Литмир - Электронная Библиотека
Глава XX

Трудовой день был окончен, и солдаты сидели в своей комнате во флигеле. Съели заодно обед и ужин, попили чаю. Приближалась минута, когда Асламов "передавал командование" Онуфрию Кондратенко, как шутили ребята. "Батя" скрутил цигарку и закурил. Солдаты расселись по своим койкам и тоже вытащили кисеты.

Наступило самое приятное время дня.

Вот уже первые клубы табачного дыма медленно поднялись к лампе с прозрачным абажуром, а оттуда, вытянувшись в струйку, потекли в открытую форточку, вот уже Онуфрий собрался было покрутить кончики усов в знак того, что он сейчас начнет рассказывать.

Но тут, ко всеобщему удивлению, вдруг заговорил Вася Краюшкин.

И хотя заговорил он о страшном и тяжелом, друзья были рады, что Вася сам решился наконец рассказать про свою жизнь в плену. Тем более, что говорил он внешне спокойно, даже с легкой усмешкой в голосе, словно вспоминал какие-то давнишние приключения.

— …Еще в темноте, за час до зари, мы получали по сто граммов хлеба — ежедневный рацион. На обед давали нам какую-то бурду с крошечным кусочком конины. Трудно приходилось, люди пухли от голода, каждый день кто-нибудь умирал. Что поделаешь? Сто граммов… Когда дело доходит до хлеба, фашиста не обсчитаешь ни на грамм… Хлебцы были завернуты в целлофан, чтобы воздух не проникал. Как наши лучшие колбасы и пирожные довоенного времени. Говорили, что Гитлер запаковал этот хлеб еще в тридцать третьем, сразу как пришел к власти.

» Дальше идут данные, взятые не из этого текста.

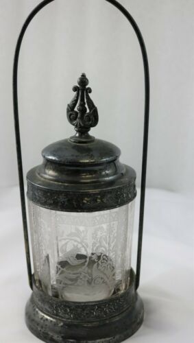 Title (ebay affiliate link): Antique Silver Plate Etched Design Clear Glass Victorian Pickle Castor Jar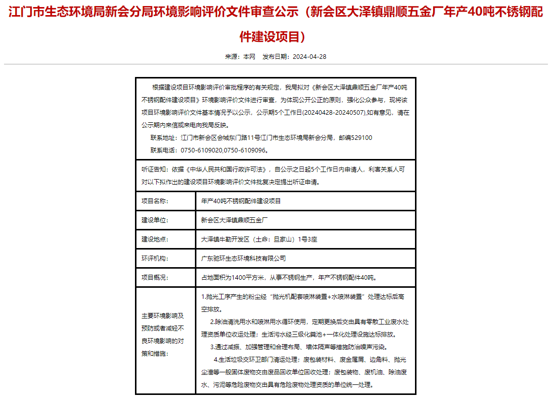 4月28日,江門(mén)市生態(tài)環(huán)境局新會(huì)分局就新會(huì)區(qū)大澤鎮(zhèn)鼎順五金廠(chǎng)年產(chǎn)40噸不銹鋼配件建設(shè)項(xiàng)目環(huán)境影響評(píng)價(jià)文件進(jìn)行審查公示,公示期5個(gè)工作日(20240428-20240507)。

Вася немного помолчал, словно сам удивился тому, о чем собирался рассказать.

— Не проходило ночи, чтобы не умерло двое — трое — и не только от болезни или избиения. Нет, чаще всего погибали от голода.

Да… Так вот, значит: на дворе непроглядная тьма, а порции хлеба заготовлены заранее. Их точь-в-точь столько, сколько живых заключенных в лагере. Ни больше, ни меньше. В хлебном рационе охрана никогда не ошибалась… А вот что касается конины…

Краюшкин подмигнул, словно вспомнил что-то очень смешное.

— У меня дела пошли по-другому, — продолжал он с оттенком гордости. — Голодал я, голодал, пока не напала на меня какая-то сонливость. Я был все время словно в забытьи, как медведь в берлоге. Я мог лишиться и этого ломтика хлеба. Мне все было нипочем… Но как-то в сумерках, в такой же час, как теперь, когда я лежал в забытьи, приполз в нашу яму один русский, знакомый по лагерю, пленный, как и я, и начал трясти меня за плечи.

"Ты еще жив? Вставай-ка, браток! — приказал он мне. — Ступай за мной, держись на несколько шагов позади и смотри в оба!"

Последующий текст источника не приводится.